MATE (software)

MATE

MATE Desktop Environment 1.8
Developer(s) Perberos and MATE Developers
Initial release August 19, 2011 (2011-08-19)
Stable release 1.12[1] / November 5, 2015 (2015-11-05)
Development status Active
Written in C, C++, Python[2]
Operating system Unix-like with X11
Available in Multilingual
Type Desktop environment
License GNU LGPL, GNU GPL
Website mate-desktop.org

MATE (/ˈmɑːt/; Spanish pronunciation: [ˈmate]) is a desktop environment forked from the now-unmaintained code base of GNOME 2. It is named after the South American plant yerba mate and tea made from the herb, mate.[3] The use of a new name, instead of GNOME, avoids conflicts with GNOME 3 components.

History

GNOME 3 (released in April 2011) replaced the classic desktop metaphor, substituting its native user interface: GNOME Shell. This action led to some criticism from parts of the free software community. Some users refused to accept the new interface design of GNOME and called for continued development of GNOME 2.[4] An Argentine user of Arch Linux started the MATE project[5] in order to meet this demand[6] and announced the availability of Mate on 18 June 2011.[7]

Software components

MATE has forked a number of applications originating as the GNOME Core Applications, and developers have written several other applications from scratch. The forked applications have new names - mostly in Spanish:

Further development

MATE fully supports GTK+ 3.

The project is supported by Linux Mint developers:[8]

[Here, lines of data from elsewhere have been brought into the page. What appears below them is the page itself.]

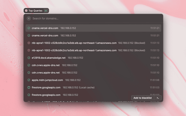 3. Whitelists and Blacklists - Quickly whitelist or blacklist any domain from query logs or top queries command.
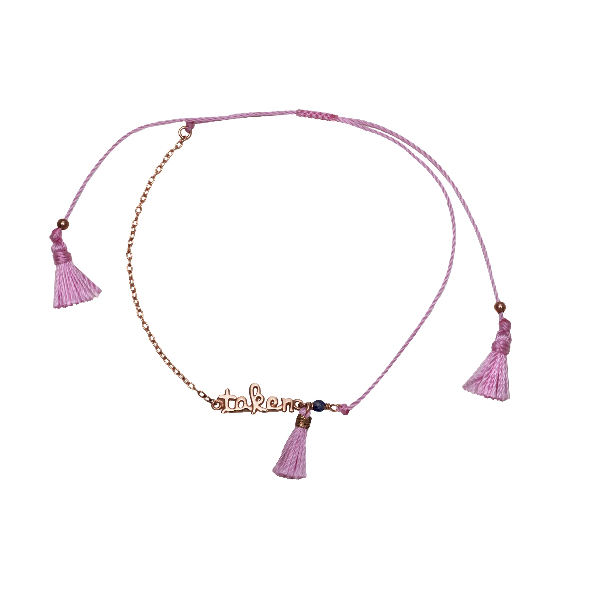 925 ασημένιο γυναικείο βραχιόλι, με ροζ χρυσό και βαμβακερό κορδόνι.
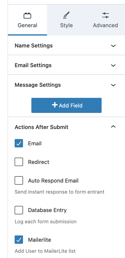 Zoals je hieronder ziet, kun je nadat een bezoeker een bericht stuurt via het contactformulier, verschillende acties uitvoeren. Hieronder vallen het sturen van een email, een automatische response sturen, het bericht aan een database toevoegen of de bezoeker aan een email marketing software lijst toevoegen.
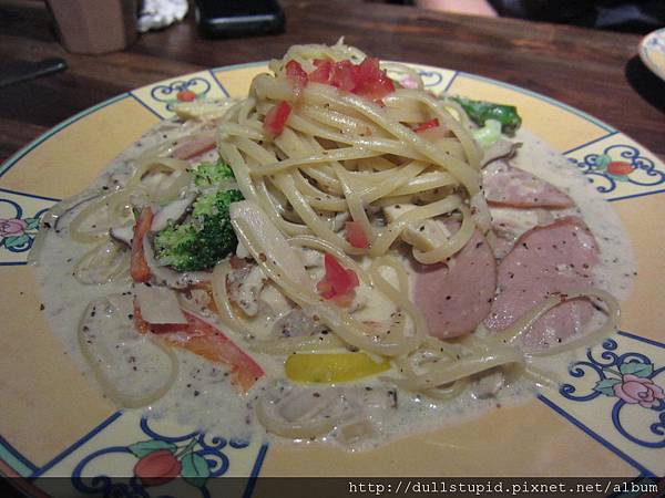 這次我和朋友點了沙嗲風味雞肉披薩、歐陸什錦香腸義大利麵(加附餐)、香料炸脆薯
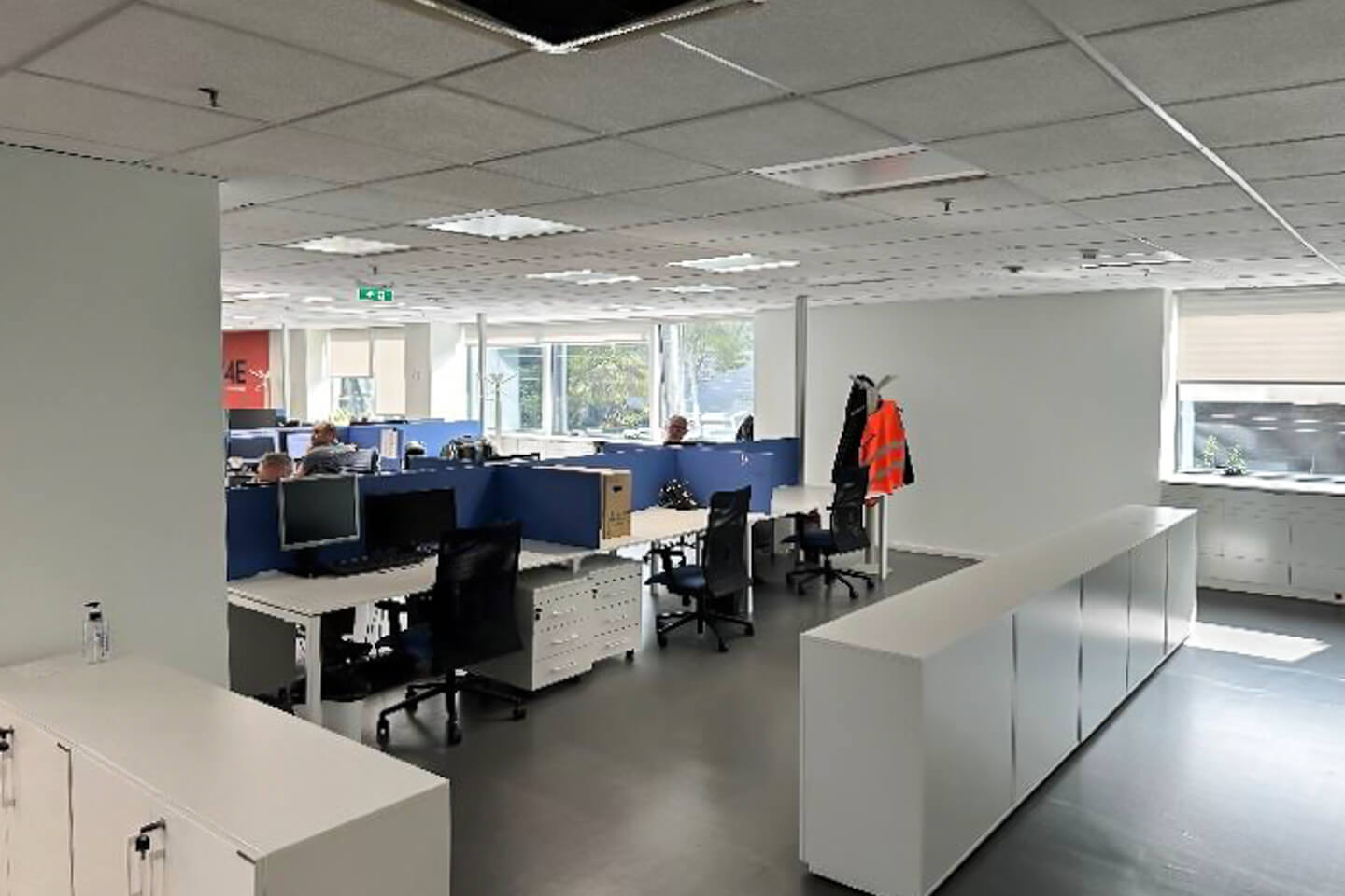 The office features bright open-plan areas with minimal movable partitions, a meeting room, computer room, reception area, kitchenette, and WC. It has mineral fiber suspended ceilings and laminate flooring.
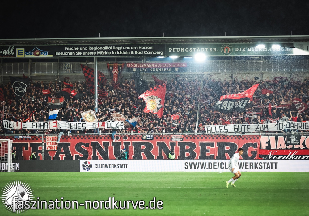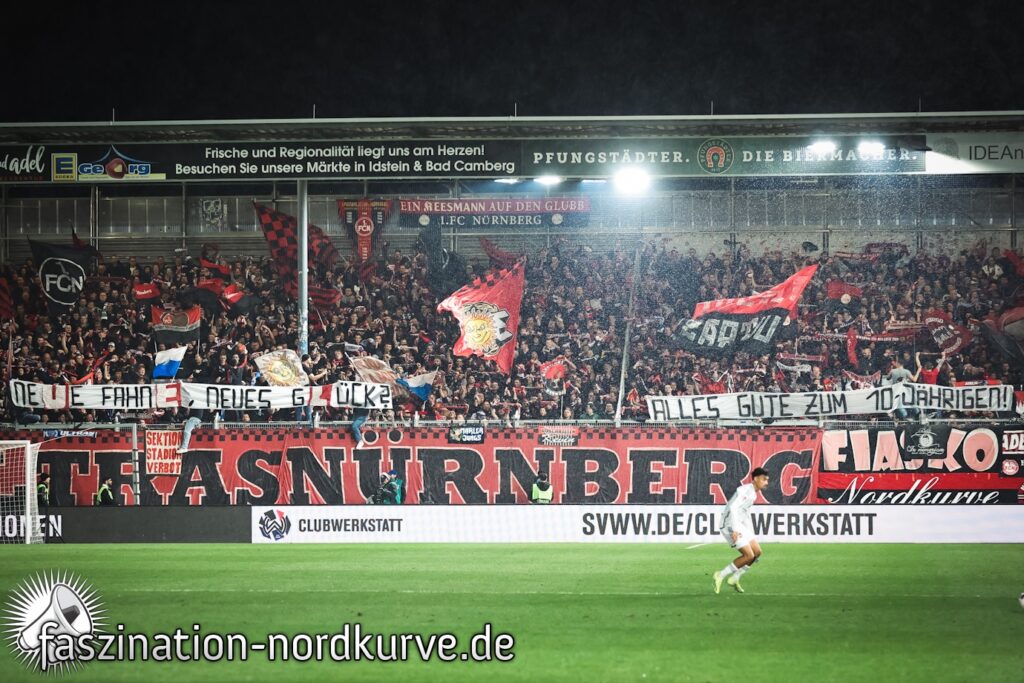 „Neue Fahne, neues Glück? Alles gut zum 10-Jährigen!“, war auf einem Spruchband der Ultras Nürnberg im Gästeblock in Wiesbaden zu lesen. Drei Buchstaben des Spruchbands wurden dabei durch Teile der geklauten Südkurve-Fahne ersetzt.
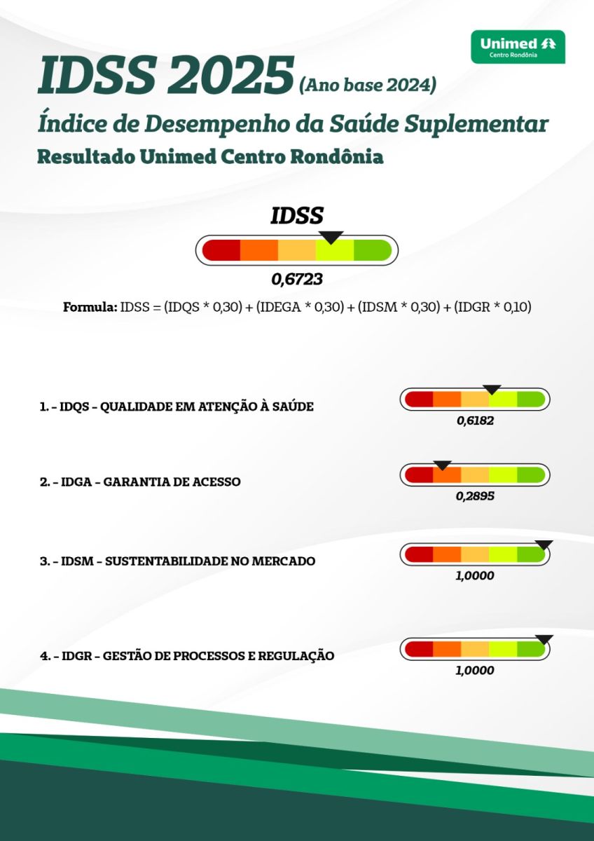 A Agência Nacional de Saúde Suplementar (ANS) publicou o Índice de Desempenho da Saúde Suplementar (IDSS) 2025 que tem como referência o ano base de 2024, onde a Unimed Centro Rondônia elevou a classificação para 0,6723
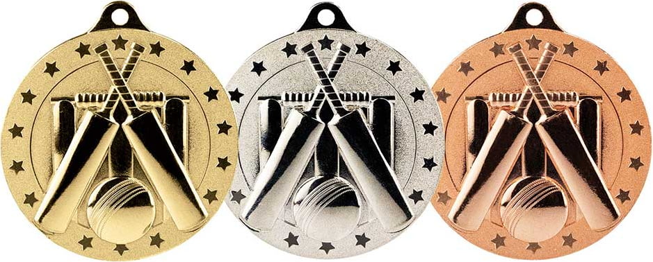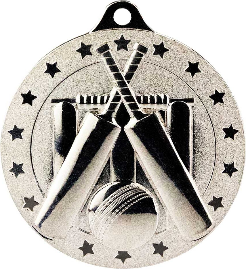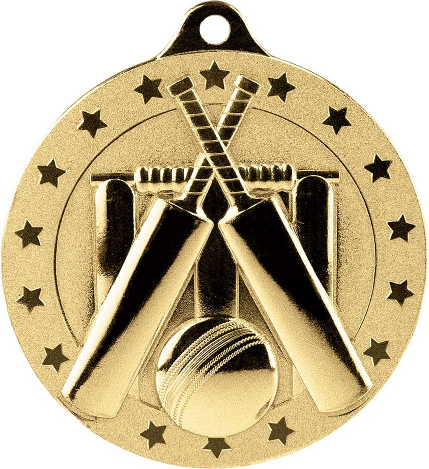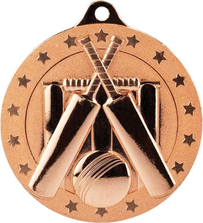 This medal features a classic cricket motif, with crossed bats, stumps, and a ball, all encircled by a border of stars.

We consider MATE yet another desktop, just like KDE, Gnome 3, Xfce etc. ... and based on the popularity of Gnome 2 in previous releases of Linux Mint, we are dedicated to support it and to help it improve.

New features have been added to Caja such as undo/redo[9] and diff viewing for file replacements.[10]

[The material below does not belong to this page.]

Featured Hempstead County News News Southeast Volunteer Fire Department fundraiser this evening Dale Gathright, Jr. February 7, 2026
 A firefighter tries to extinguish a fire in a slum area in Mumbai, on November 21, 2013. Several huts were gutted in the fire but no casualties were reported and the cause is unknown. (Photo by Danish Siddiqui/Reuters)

MATE 1.6 removes some deprecated libraries, moving from mate-conf (a fork of GConf) to GSettings, and from mate-corba (a fork of GNOME's Bonobo) to D-Bus.[11]

Releases history

Date Version
2011-06-18 Announced at Arch Linux forum
2011-08-19 Initial release
2012-04-16 1.2
2012-07-30 1.4
2013-04-02 1.6
2014-03-04 1.8
2014-09-29 1.8.1
2015-03-13 1.8.2
2015-06-11 1.10
2015-11-05 1.12

Adoption

MATE 1.2 was released on 16 April 2012. MATE has been one of the default desktop environments shipped with Linux Mint since version 12 "Lisa",[12][13] Linux Mint Debian Edition 201303,[14][15][16][17] Sabayon Linux 10,[18] Fedora 18,[19] and Ubuntu MATE 14.10.[20]

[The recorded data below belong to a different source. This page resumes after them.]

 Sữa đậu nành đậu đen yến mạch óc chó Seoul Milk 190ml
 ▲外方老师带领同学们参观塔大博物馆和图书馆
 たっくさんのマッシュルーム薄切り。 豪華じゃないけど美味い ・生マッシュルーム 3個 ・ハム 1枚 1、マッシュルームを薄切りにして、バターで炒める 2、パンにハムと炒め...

MATE is also available in the official repositories of several other Linux distributions, including Ubuntu, Arch Linux, Debian, Mageia, Gentoo, openSUSE and PCLinuxOS.[21] Aside from that, there are third party repositories for Slackware.[22] Version 3.5 and up of GhostBSD include MATE as the default desktop environment, making it the second inclusion of MATE as a default desktop, after Linux Mint,[23] and the first in a BSD-derived OS.

Ubuntu MATE

Main article: Ubuntu MATE
Ubuntu MATE logo

In November 2014, the Ubuntu MATE team released version 14.04 LTS, which will be supported until April 2019.[24]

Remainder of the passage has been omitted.